### INSTRUCTIONS TO FOLLOW
Word for word, restate the records from their first line through the line with "Zoals je op", both ends included; omit each picture.

### DATA
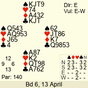 | 3 NT | S | +2 | 660 | A | 07 - 02 | 6 | 7 |
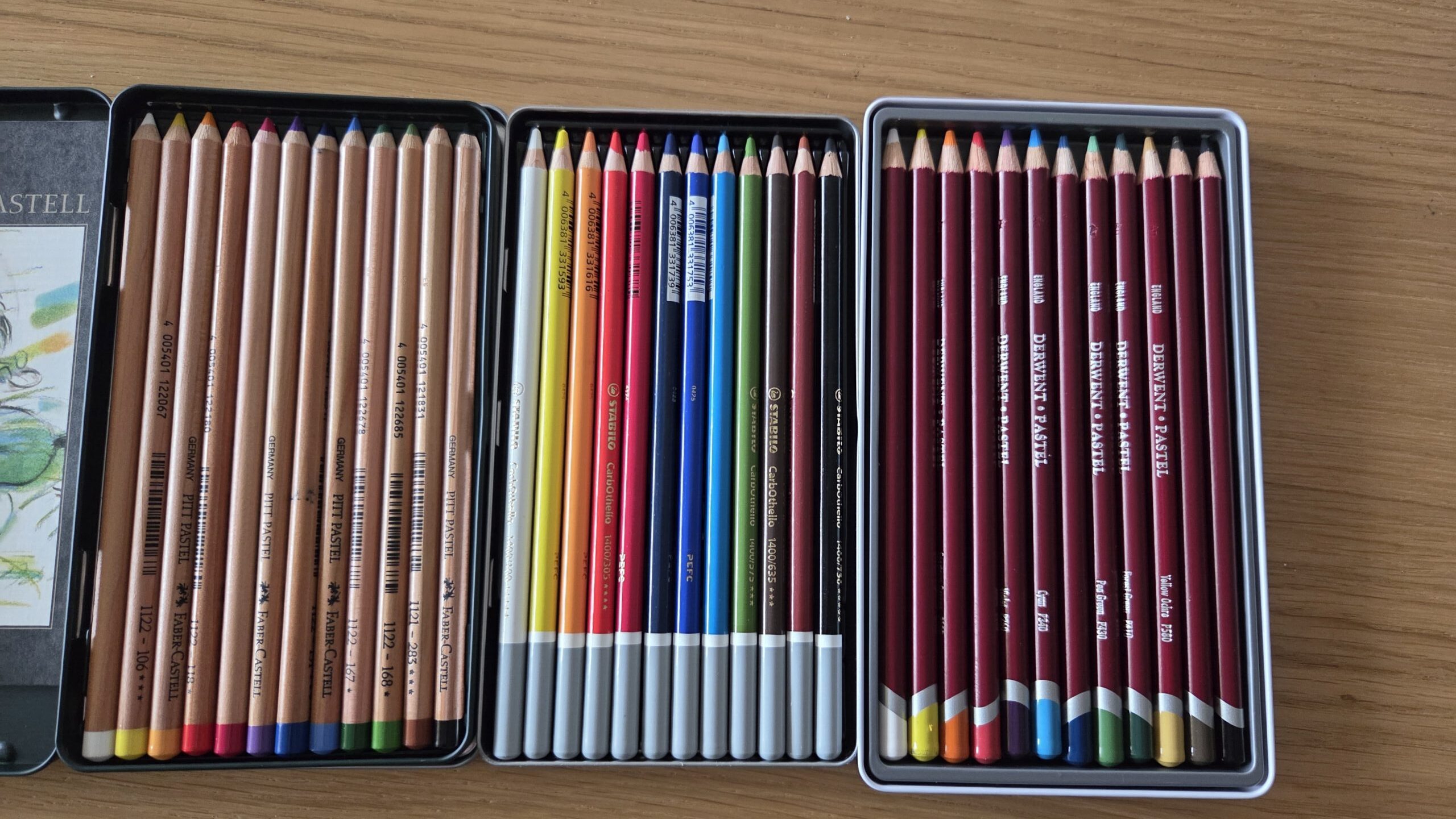 Zoals je op de bovenste foto kan zien heb ik momenteel drie kleine sets met pastelpotloden. Ik heb er namelijk ook nog een besteld bij bol.com en wel een Stabilo CarbOthello set. Deze is vanmiddag bezorgd. Dus tijd om een eerste vergelijking te maken tussen de drie merken.
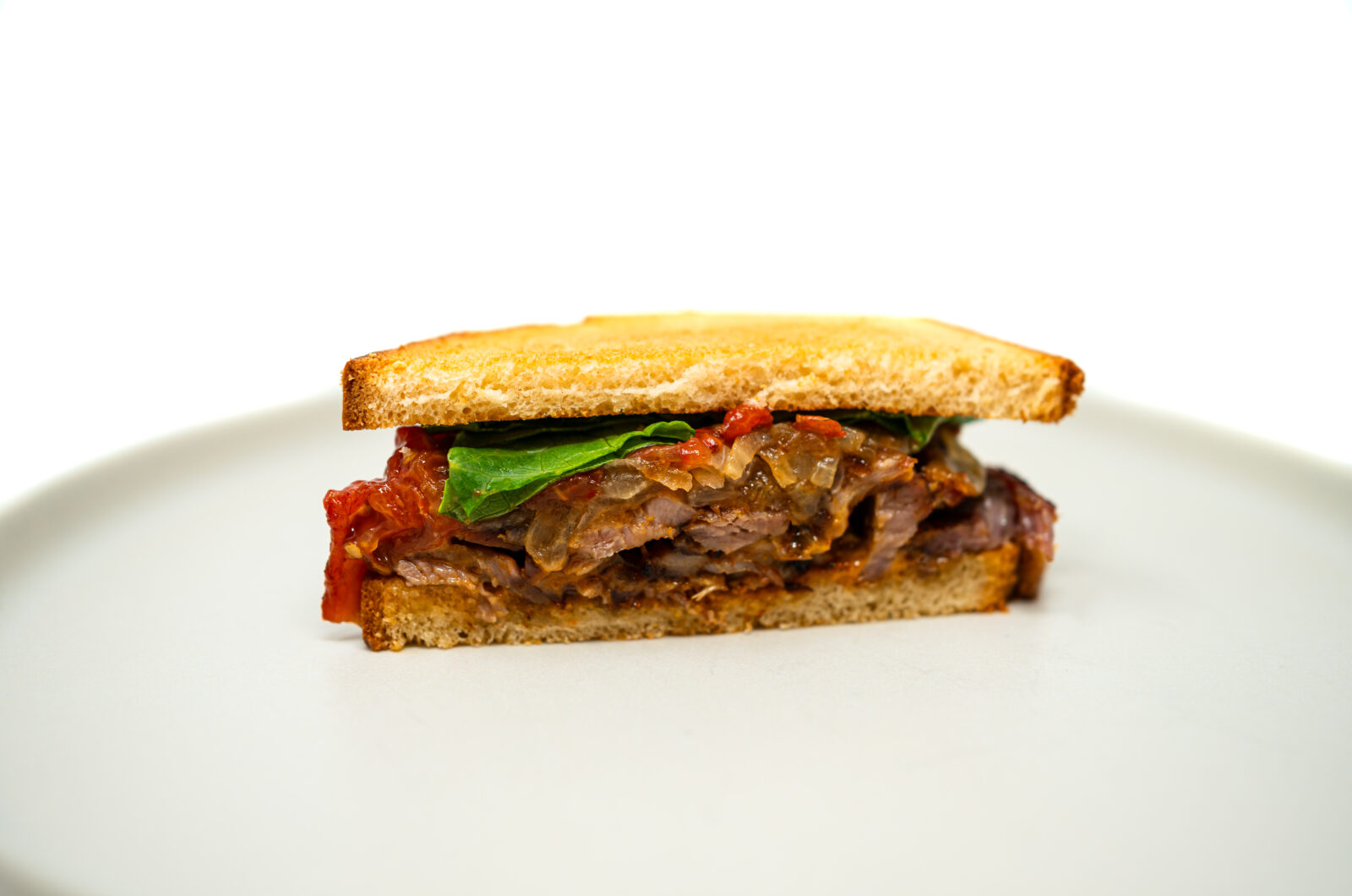 The sandwich starts with quality bread, thick slices lightly toasted to hold up to the juicy fillings. Crisp lettuce adds freshness and crunch, while the caramelized onions and roasted tomatoes bring sweetness and acidity to cut through the richness. The slow roasted pork belly is the star, offering tender shreds and crisp edges in every bite. This is not a rushed lunch. This is a slow-crafted, full-flavored experience.
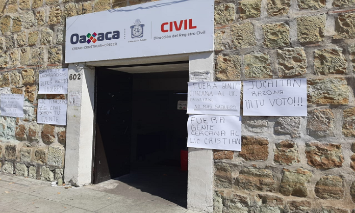 Oaxaca de Juárez. Trabajadores de la Dirección del Registro Civil ubicada en la calle de García Vigil en el centro de la ciudad de Oaxaca se manifestaron en su centro de trabajo para denunciar diversas irregularidades.
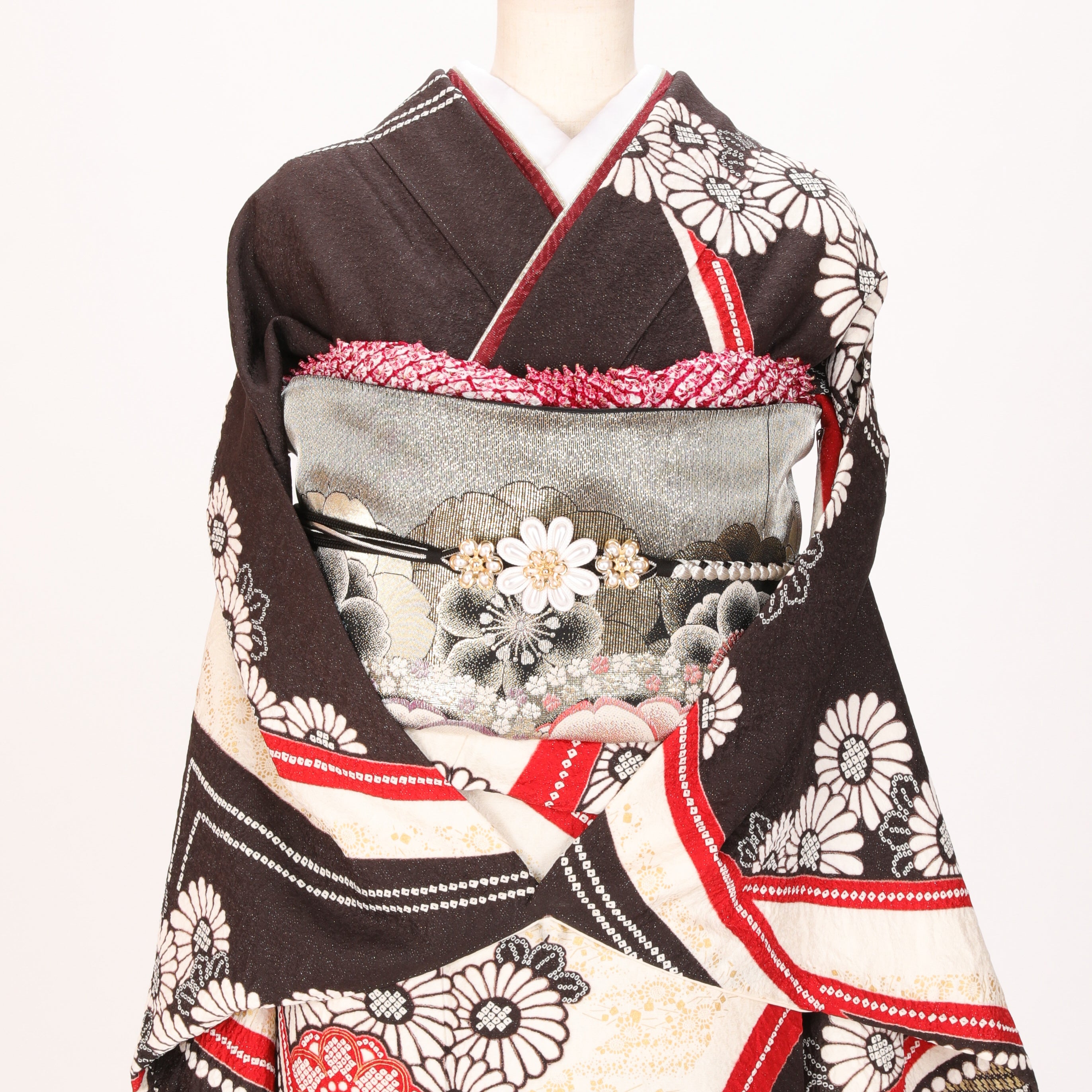 ワインレッドと黒を基調とした華やかな振袖小物セットです。
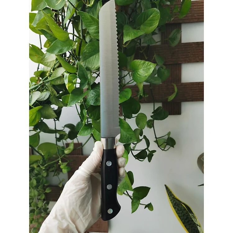 - Dao cắt bánh mì làm bằng chất liệu thép không gỉ có độ sắc gấp nhiều lần so với chất liệu thông thường cho vết cắt mịn.
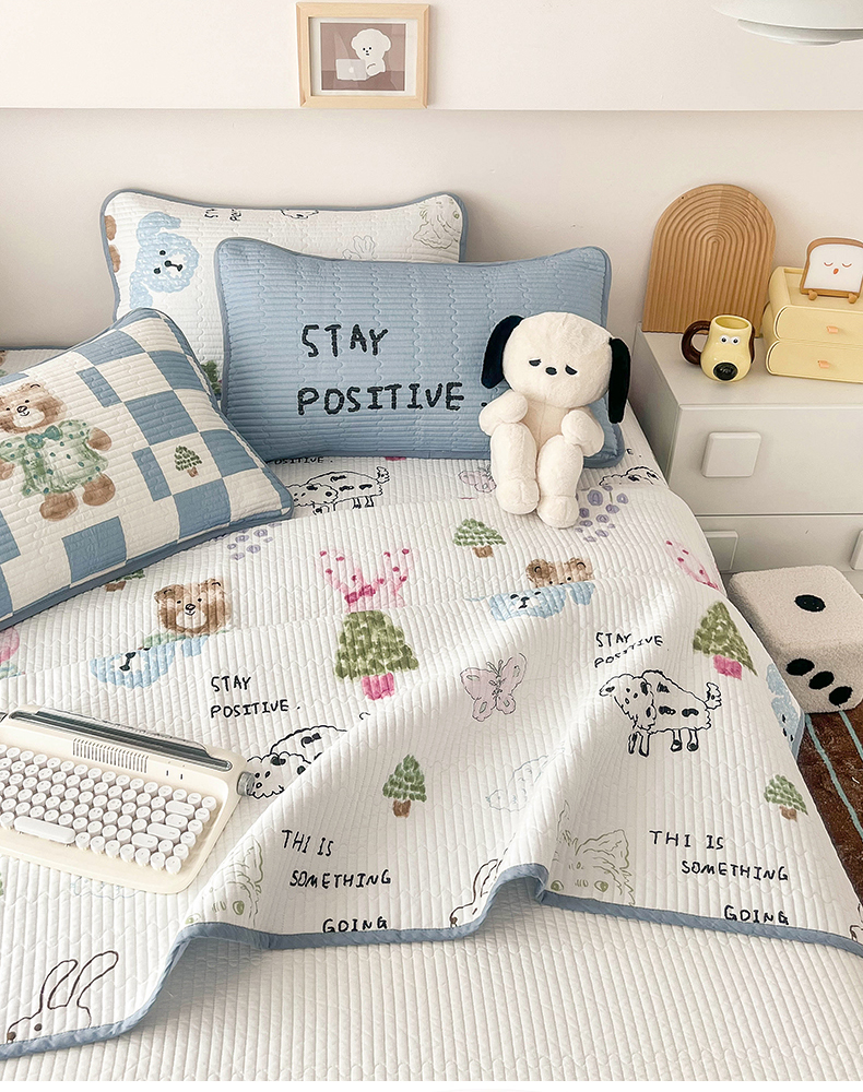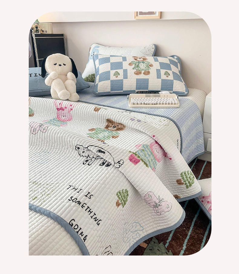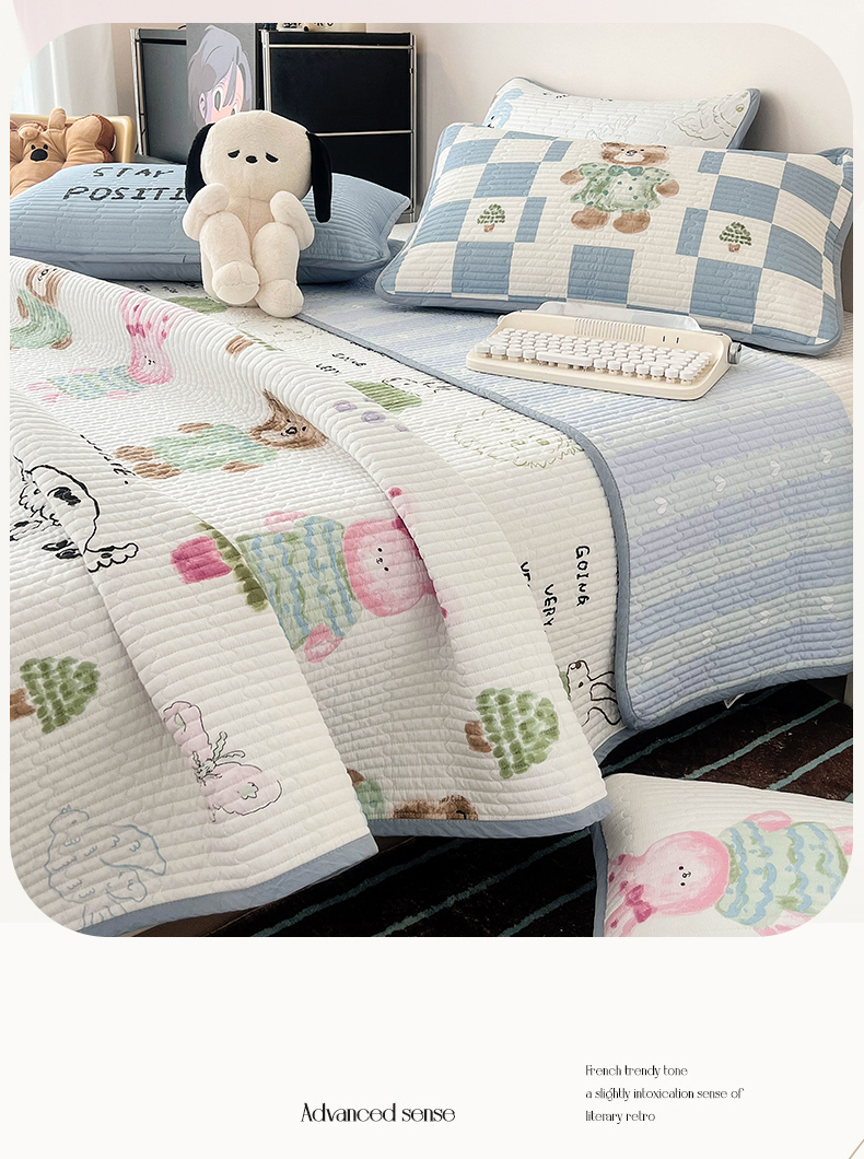 茉夕家纺 2024新款数码双面纯棉水洗床盖 小憨豆
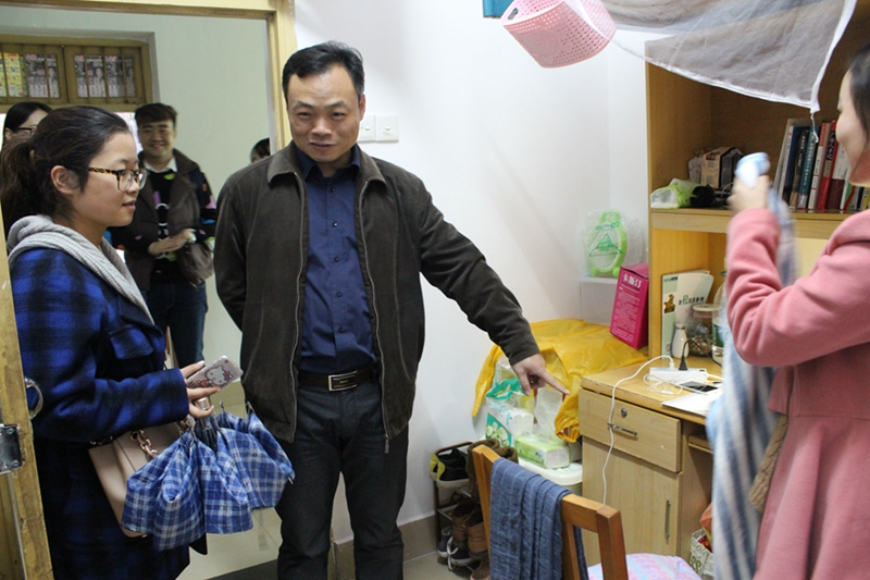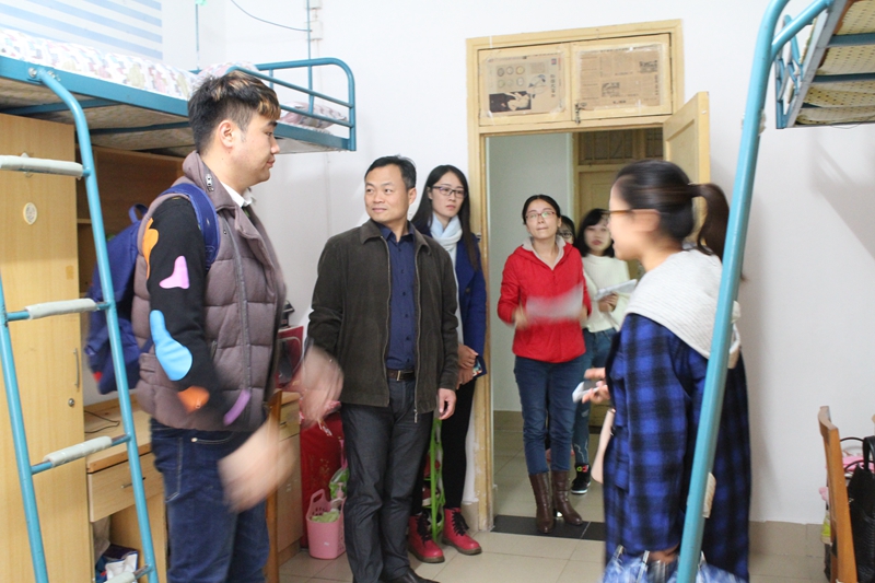 学生所在1、11栋宿舍楼。在学生寝室里,老师们与学生亲切地交谈,了解寝室卫生打扫及检查情况,督促学生积极保持寝室卫生。同学们寝室内物品摆放较为整齐,地面干净整洁,寝室内装扮温馨舒适,良好的卫生状况得到领导的一致赞赏。每到一处,领导都仔细查看寝室的各个角落,特别提醒大家注意冬季用电安全和卫生死角的清洁。

### TASK ANSWER
 | 3 NT | S | +2 | 660 | A | 07 - 02 | 6 | 7 |
 Zoals je op de bovenste foto kan zien heb ik momenteel drie kleine sets met pastelpotloden. Ik heb er namelijk ook nog een besteld bij bol.com en wel een Stabilo CarbOthello set. Deze is vanmiddag bezorgd. Dus tijd om een eerste vergelijking te maken tussen de drie merken.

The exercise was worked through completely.